= Culture industry =

Commercial mass marketing of culture

"Culture industry" (Kulturindustrie) is a term coined by the critical theorists Theodor Adorno (1903–1969) and Max Horkheimer (1895–1973). They proposed that popular culture is akin to a factory producing standardized cultural goods—films, radio programmes, magazines, etc.—that are used to manipulate mass society into passivity. Consumption of the easy pleasures of popular culture, made available by the mass communications media, renders people docile and content, no matter how difficult their economic circumstances are. The inherent danger of the culture industry is the cultivation of false psychological needs that can only be met and satisfied by the products of capitalism; thus Adorno and Horkheimer perceived mass-produced culture as especially dangerous compared to the more technically and intellectually difficult high arts. In contrast, true psychological needs are freedom, creativity, and genuine happiness, which refer to an earlier demarcation of human needs, established by Herbert Marcuse.

==The Frankfurt School==

Members of The Frankfurt School were much influenced by the dialectical materialism and historical materialism of Karl Marx, as well as the revisitation of the dialectical idealism of Hegel; both events are studied not in isolation, but as part of the process of change. As a group later joined by Jürgen Habermas, they were responsible for the formulation of critical theory. In works such as Dialectic of Enlightenment and Negative Dialectics, Adorno and Horkheimer theorized that the phenomenon of mass culture has a political implication, namely that all the many forms of popular culture are parts of a single culture industry whose purpose is to ensure the continued obedience of the masses to market interests.

==The theory==
The essay is concerned with the production of cultural content in capitalist societies. It critiques the extortionate nature of cultural economies as well as the apparently inferior products of the system. Horkheimer and Adorno argue that mass-produced entertainment aims, by its very nature, to appeal to vast audiences and therefore both the intellectual stimulation of high art and the basic release of low art. The essay does not suggest that all products of this system are inherently inferior, simply that they have replaced other forms of entertainment without properly fulfilling the important roles played by the now-defunct sources of culture.

Horkheimer and Adorno make consistent comparisons between Fascist Germany and the American film industry. They highlight the presence of mass-produced culture, created and disseminated by exclusive institutions and consumed by a passive, homogenised audience in both systems. This illustrates the logic of domination in post-enlightenment modern society, by monopoly capitalism or the nation state. Horkheimer and Adorno draw attention to the problems associated with a system that 'integrates its consumers from above', arguing that in attempting to realise enlightenment values of reason and order, the holistic power of the individual is undermined.

Adorno contended that culture industry, through mass media especially radio, had contributed to the development of fascism in Germany.

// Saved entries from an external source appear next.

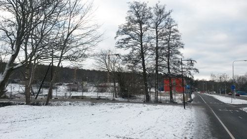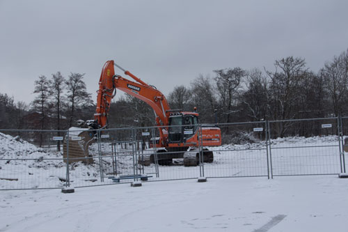 Den 23 januari 2015 har byggarbetsplatsen förändrats något jämfört med årsskiftet. Området i riktning mot Lilla Torps allé och Storatorpsvägen håller idag på att inhägnas. Dagens bilder är tagna med mobilkamera: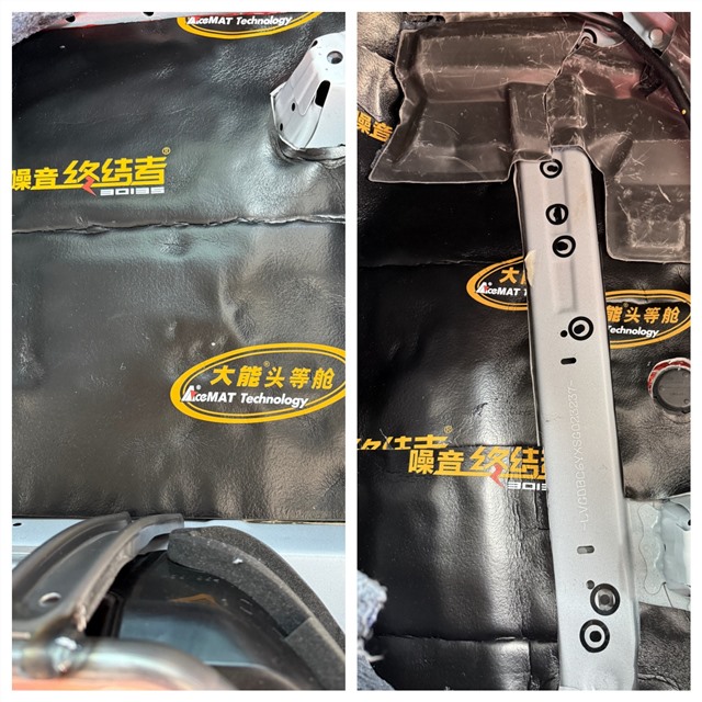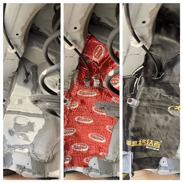 底盤與尾箱是整車噪音傳遞的核心通道,技師將車體相關(guān)部位徹底拆解,露出原生鈑金。對(duì)比施工前后的狀態(tài),原車幾乎無有效隔音措施,而升級(jí)后,底盤與尾箱均鋪設(shè)大能紅派隔音與超級(jí)蕰莎,雙層防護(hù)有效抑制鈑金共振,阻隔路噪與尾排噪音。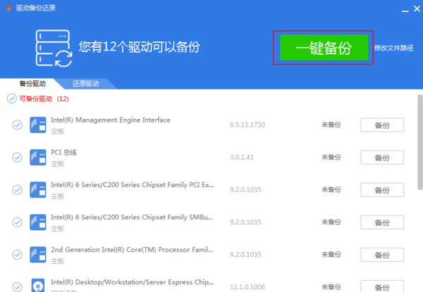 在新的窗口中选择需要备份的驱动,点击一键备份,等待软件进行备份即可。
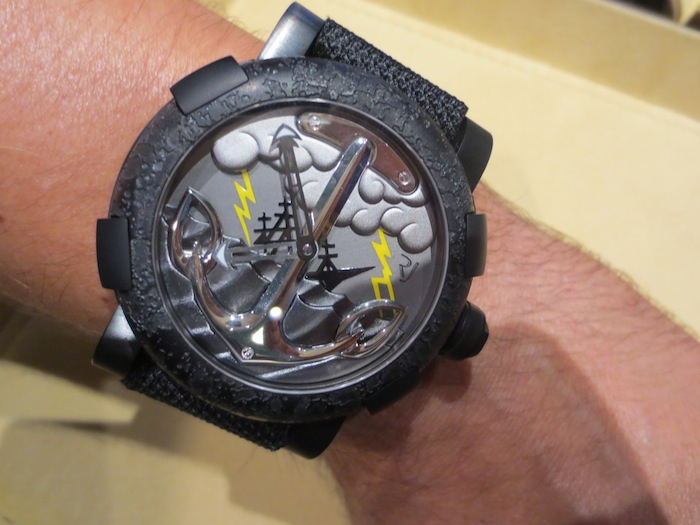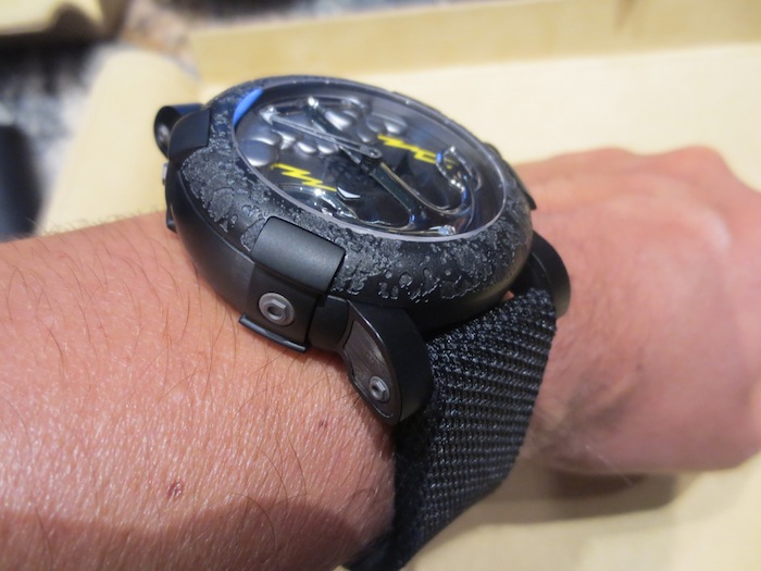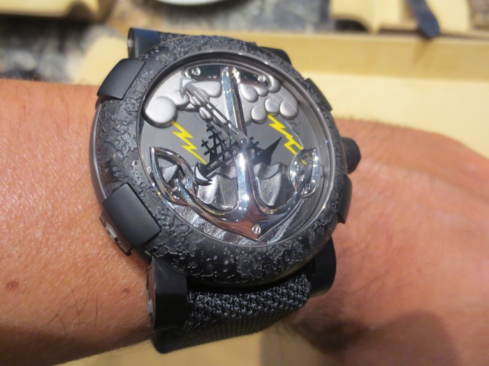 Visually the Tattoo Capsule delivers on its promise and has a really striking appearance. It is not the first time that a watchmaker has explored the Tattoo theme. Just over a year ago I featured Linde Werdelin’s sensational Oktopus Moon Tattoo with a hand engraved gold case. The concept of the Tattoo Capsule is slightly different and design mostly revolves around the dial. I love the distinctive façade depicting a sailboat anchor with bolts of lightning. Accomplished artist Mo Coppoletta has created this sublime three-dimensional embossed style illustration. Other successful features include open-worked hour/minute hands, textured black bezel, oversized crown and sapphire crystal lens.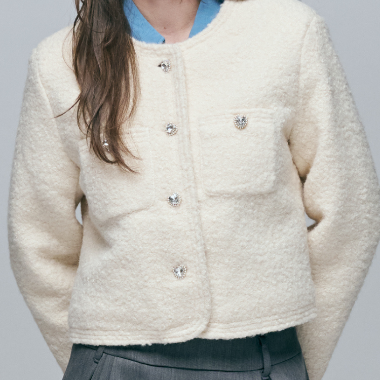 Heart Jewel Buttons 甜美亮點:前門襟特別選用閃耀的愛心造型鑽釦,將原本成熟優雅的小香風外套,瞬間注入了減齡的少女心。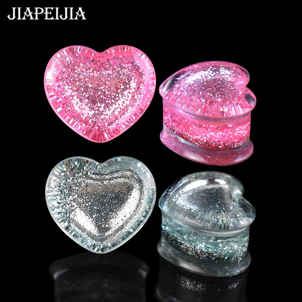 2pcs 6-50mm Twinkle Heart-shaped Ear Plug Tunnels Gauges Ear Stretcher Body Jewelry for Women Men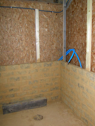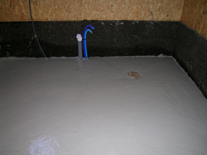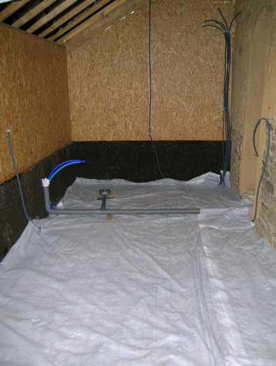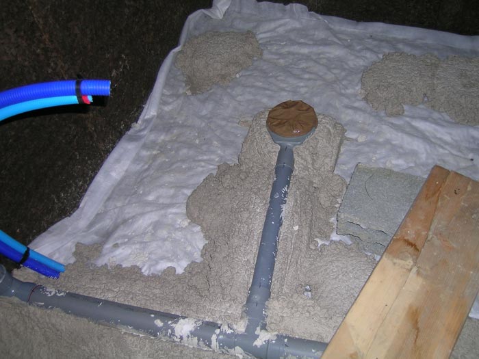 Pré-scellement du syphon de la douche dans le béton de chaux... J'espère qu'il est à niveau...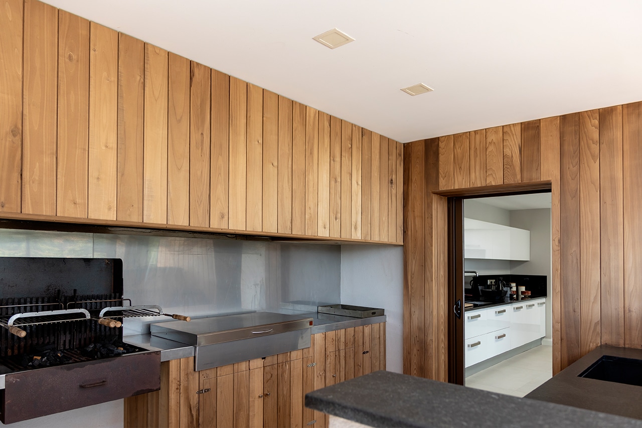 The pool is just in front of the house, surrounded by decking and overlooking the bay. There is a good outdoor eating area and a barbecue.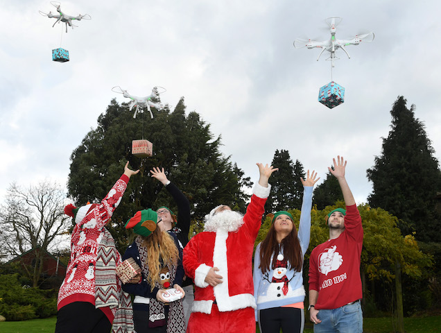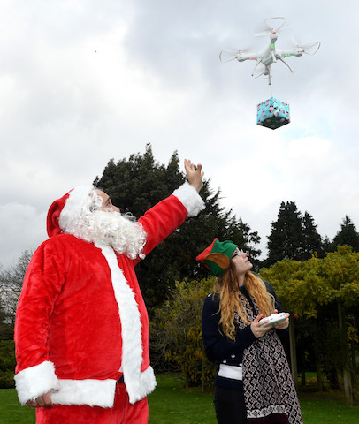 Santa has upgraded his method of delivering presents this year by enlisting the help of Hawkin’s Bazaar drones.

In his view, the "authoritarian voice" arises from the intimacy of broadcast and social practices of radio listening. According to Adorno, "The authority of radio becomes greater the more it addresses the listener in his privacy," while "an organized mass of listeners might feel their own strength and even rise to a sort of opposition."

==Influences==
Adorno and Horkheimer's work was influenced by both the broader socio-political environment in which it was written and by other major theorists. Written in California in the early 1940s in an era which characterized them as two ethnically Jewish, German émigrés, The Culture Industry is influenced by European politics and the war by which the continent was consumed. Simultaneously, the American film industry was characterised by an unprecedented level of studio monopolisation, it was "Hollywood at its most classical, American mass culture at its most Fordist".

Horkheimer and Adorno were influenced heavily by major developers of social, political and economic theory, most notably:

- Karl Marx's theories of alienation and commodity fetishism,
- Max Weber's rationality, which shaped the concept of instrumental reason, and
- Georg Lukacs' concept of the reification of consciousness.

==Elements==

Anything made by a person is a materialization of their labour and an expression of their intentions. There will also be a use value: the benefit to the consumer will be derived from its utility. Yet, the modern soap operas with their interchangeable plots and formulaic narrative conventions reflect standardized production techniques and the falling value of a mass-produced cultural product.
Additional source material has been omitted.